The two members of the Bali Nine, who have been convicted of drug trafficking, currently have a legal appeal pending before the Administrative Court of Indonesia.
Fiona McLeod SC (pictured), president of the ABA, has called on the Indonesian attorney-general and the Indonesian prison authorities to respect the rule of law and judicial process.
“We respect the sovereignty of the Indonesian president to determine individual applications for clemency.

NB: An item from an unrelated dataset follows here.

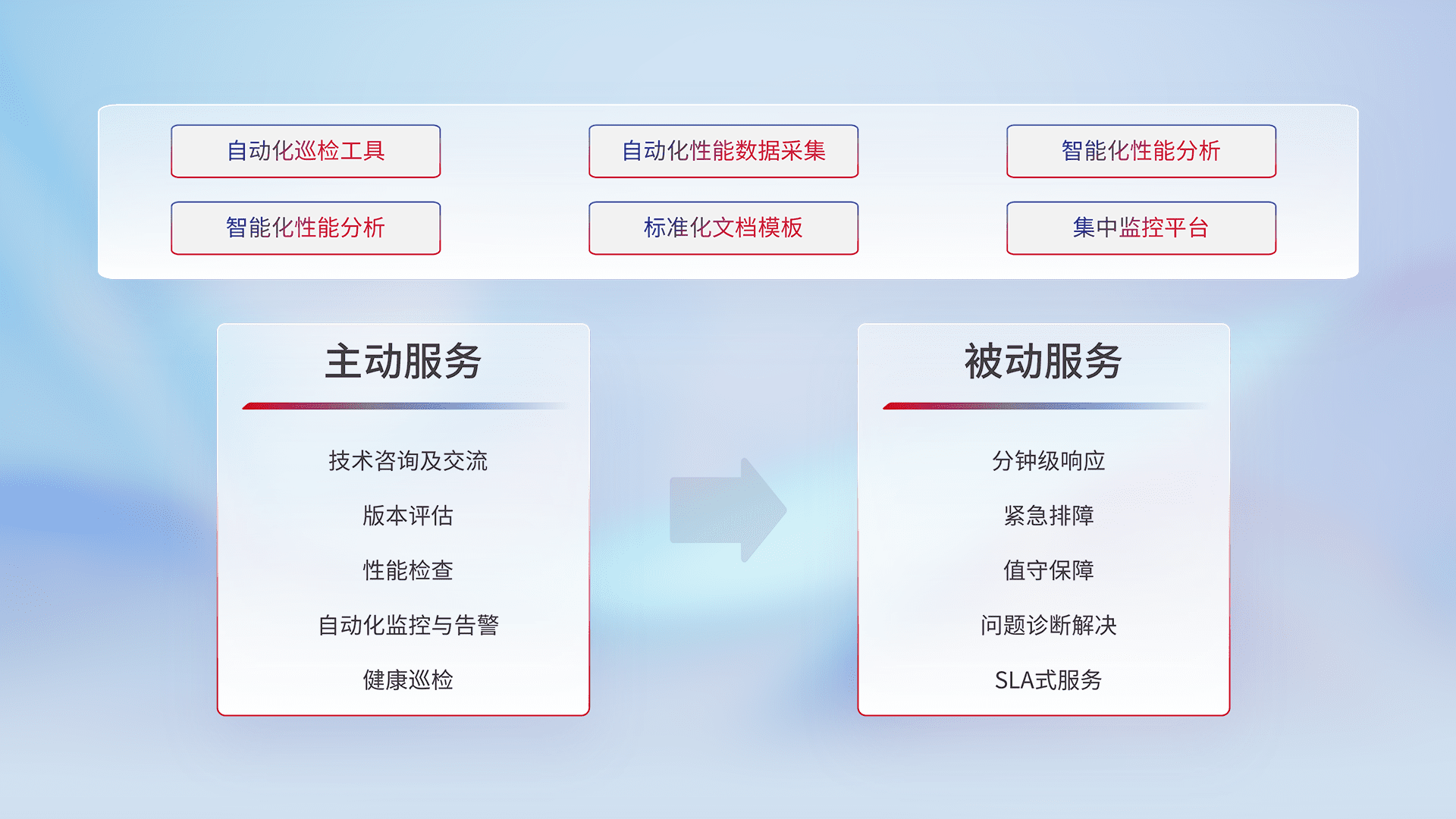 智能化工具和标准化文档,,,保障服务质量,,提供主动服务(包含技术咨询、、版本评估、、、、性能检查、、自动化监控与告警、、、、健康巡检)和被动服务包含(分钟级响应、、紧急排障、、值守保障、、、问题诊断解决、、、SLA服务)。。

Sovereign power, however, is constrained by the rule of law.
“In this case, court proceedings have not concluded and the appeal concerning the decision to refuse clemency has not been determined.
“In such a case, the authorities should await the outcome of judicial process.”
Ms McLeod, along with other members of the Victorian legal profession, gathered to observe one minute’s silence for Mr Chan and Mr Sukumaran on February 18.
Victorian legal bodies, including the Victorian Bar and the Law Institute of Victoria, have been particularly vocal in their opposition to the impending execution of the two Australians.
“The death penalty is not an effective deterrent to crime,” said Victorian Bar chairman Jim Peters QC last month.
“The sanctity of human life is not protected by this barbaric penalty; it only brutalises the community further.”
Law Institute of Victoria president Katie Miller also expressed her opposition to the death penalty and paid tribute to the lawyers who had taken numerous legal actions on behalf of Mr Chan and Mr Sukumaran.